Q: excuse-me, at the lesson " step3- KCL at node B" <<-- how and where to get that i1 + is = i2 + i3; i2, i3 and iS have the same node. I still don't understand it. Please help.

The KCL equation for node b is: ( i1 + is = i2 + i3 ). This is the form of Kirchhoff's Current Law where all the currents flowing *into* the node ( i1 + is ) are set equal to all the currents flowing *out* of the node ( i2 + i3 ). The blue current arrow for i1 is drawn on the left side of the 20-ohm resistor, but that same current flows out the right end of the resistor and goes into node b. So node b has two currents flowing in, and two flowing out.

Q: Please, could any of you recommend me web site for practising such exercises

Here's a suggestion: This article and the following videos/articles on Node Voltage and Mesh Current methods all have example circuits. For each different circuit, see if you can solve them with more than one method. Another very realistic way to practice is to make up simple circuits on your own and analyze them by hand. To check your work, draw your circuit in this simulator and run a *DC* analysis. http://spinningnumbers.org/a/circuit-sandbox.html This simulator is part of a web site I've been working on since my EE Fellowship at KA completed. The articles are all updated and improved, and circuit simulation is incorporated as part of the learning process.
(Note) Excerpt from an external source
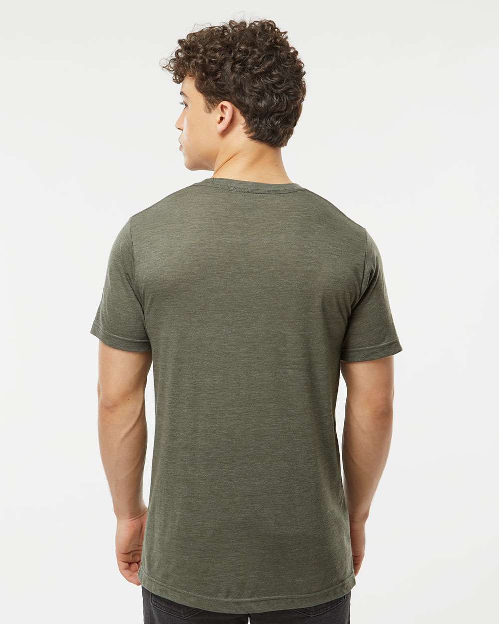 3.7 oz./yd_, 50/25/25 polyester/ring-spun USA premium cotton/rayon, 30 singles Ribbed crewneck collar Taped neck and shoulders Side seams Double-needle...

Q: please can i get help with how the line that follows "and crank the algebra" in the solution came about. ho did we get -540/30? please help.

The first term on the right side of the equation as a 30 in the denominator. The second term is -18. -18 is equal to -540/30. Now both terms have a 30 in the denominator.

Q: How would one label the current flow in node c? I see that it is unimportant for solving the circuit, but I can't yet wrap my head around _why_. Particularly, I don't know how I would label the current on the node between the voltage source and the 6 ohm resistor, and then the branch between the two resistors (on node c).

The thing that's causing confusion is the definition of node c. Node c is the *entire* bottom horizontal wire in the circuit. So the two segments you identified (between voltage source and 6ohm, and the segment between two resistors) are both included as part of node c. Review the definition of node and "distributed node" in this article https://www.khanacademy.org/science/electrical-engineering/ee-circuit-analysis-topic/circuit-elements/a/ee-circuit-terminology. When you account for the currents flowing into node c you will draw arrows on the vertical wire segments feeding into node c. You won't be drawing current arrows on the horizontal bits and pieces of node c. It's all one single junction.

Q: Does KVL apply to any loop, or only a loop that current can flow through in one direction? For example, does KVL apply to the loop around the outer edge of the circuit that passes through both the voltage source and the current source? What about the central mesh that passes through the 6ohm and 5ohm resistors?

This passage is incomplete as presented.